The problem is that the French proposal raises more questions than it answers. It’s not at all clear how much money it would actually provide—headline figures suggesting $15 billion are apparently an Iranian wish list, not a European commitment—nor who would pay for it. It’s also not clear if the program would need to be run through the stillborn European special financial vehicle to facilitate trade with Iran, or if it is meant to simply open the market to some more Iranian oil exports, a no-go zone for U.S. officials.
Further complications: France wants Iran to put its missile program and support for regional proxies on the table as a condition of getting the credit line, something Tehran balks at. And, in any event, it is only designed to run through the end of the year, leaving Iran in the same cash-poor position as today in just a few months.

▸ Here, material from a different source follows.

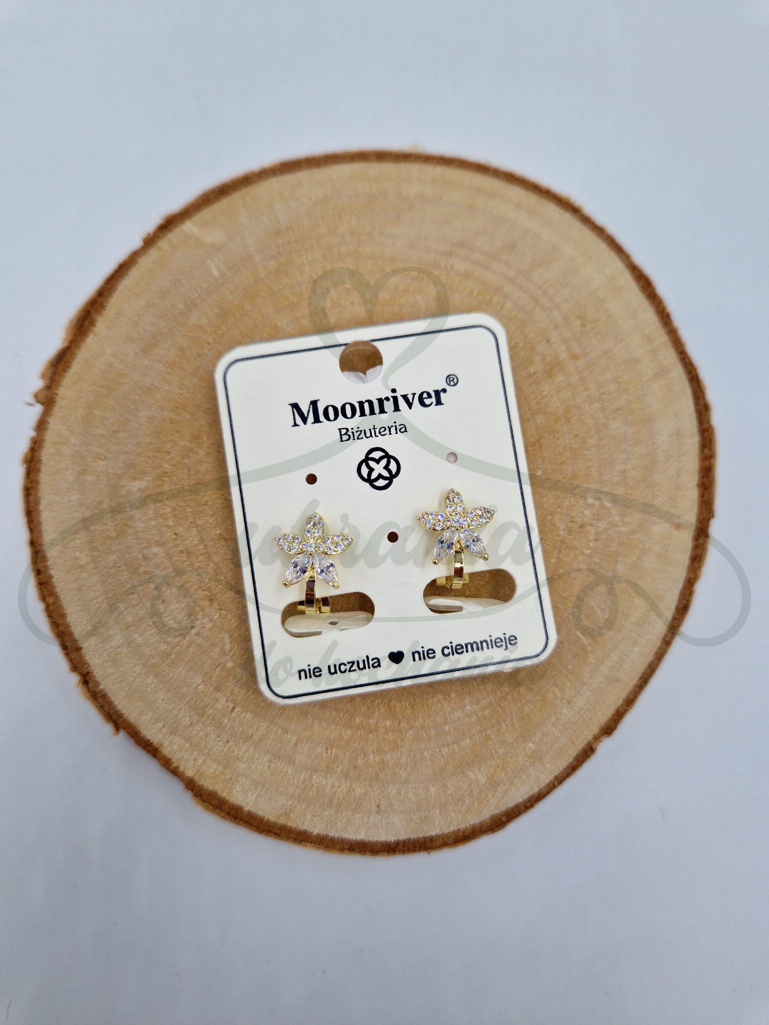 Subtelne i efektowne klipsy w kształcie kwiatka, wykonane ze stali szlachetnej w złotym odcieniu. Każde ramię ozdobione jest połyskującymi cyrkoniami, które dodają blasku i elegancji.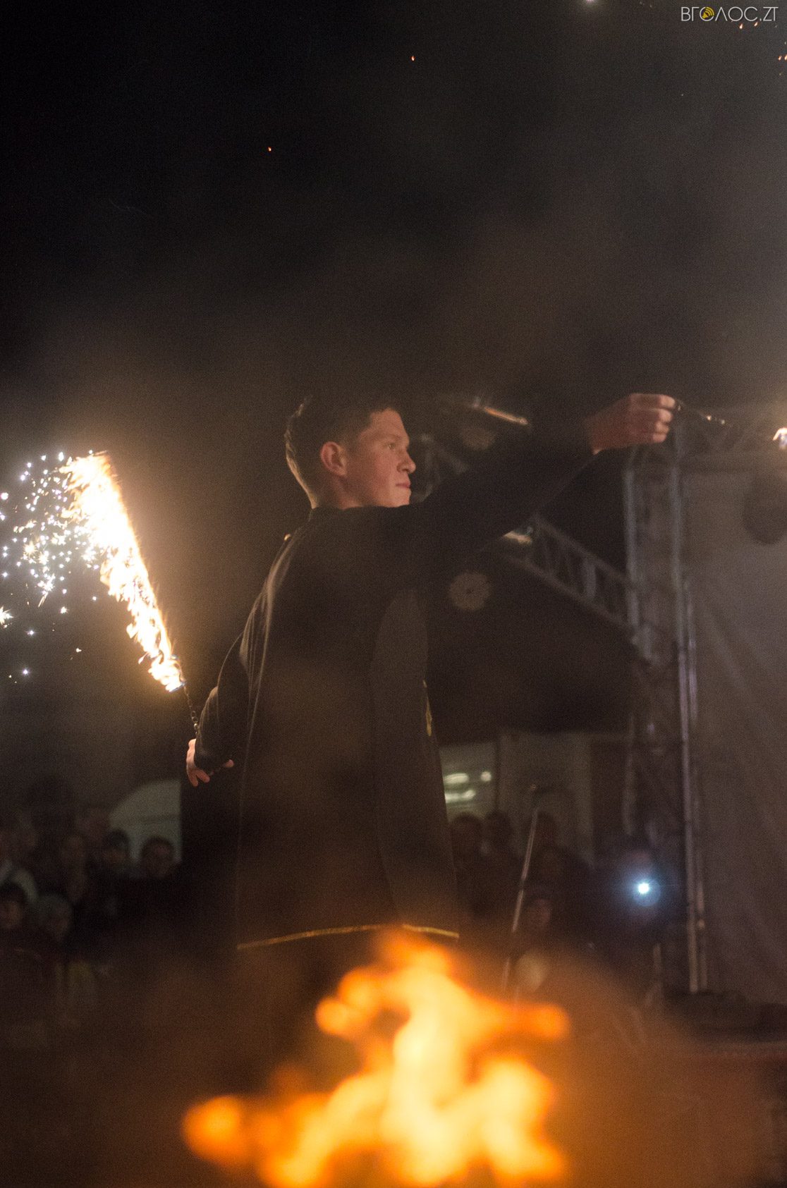 Фаєр-шоу від студії вогню «Дім Сонця» завершило святкування Дня захисника України, Дня козацтва та свята Покрови у Житомирі

“It’s a good deal for Iran, a questionable one for the Europeans—because they can’t be sure when they’ll be paid back—and for the U.S. it’s not such a big deal, since Washington isn’t paying a dime for it,” Reed said.
“The Iranians have been crystal clear. They want cash with no strings attached, but the U.S. won’t permit anything that looks like a blank check because some or all of it could go to the Iranian Revolutionary Guard Corps,” Iran’s spearhead for regional mischief, he said.
Almost a year and a half after the United States pulled out of the nuclear deal, Iran’s economy is cratering as its oil exports have dwindled dramatically; experts estimate that Iran is exporting around 200,000 barrels a day of oil, mostly to service debts to China, compared with about 2.5 million barrels a day before Trump imposed sanctions. Meanwhile, Tehran is accelerating its development of potential nuclear technologies and capabilities, and—despite Bolton’s departure—there is no off-ramp in sight. Worse, even with Bolton out of the picture, war could loom once again.
“The French proposal might be half-baked, but if it fails, Iran will be primed to lash out again like it did early this summer,” when it seized several tankers near the Strait of Hormuz, Reed said. Iran dialed back its aggression in the last couple of months, while Europe worked overtime to save the deal, he noted.
“But all bets are off if this letter of credit falls apart and Iran’s economic situation remains dire.”
This article has been corrected to reflect Iran’s pre-sanctions oil export volumes.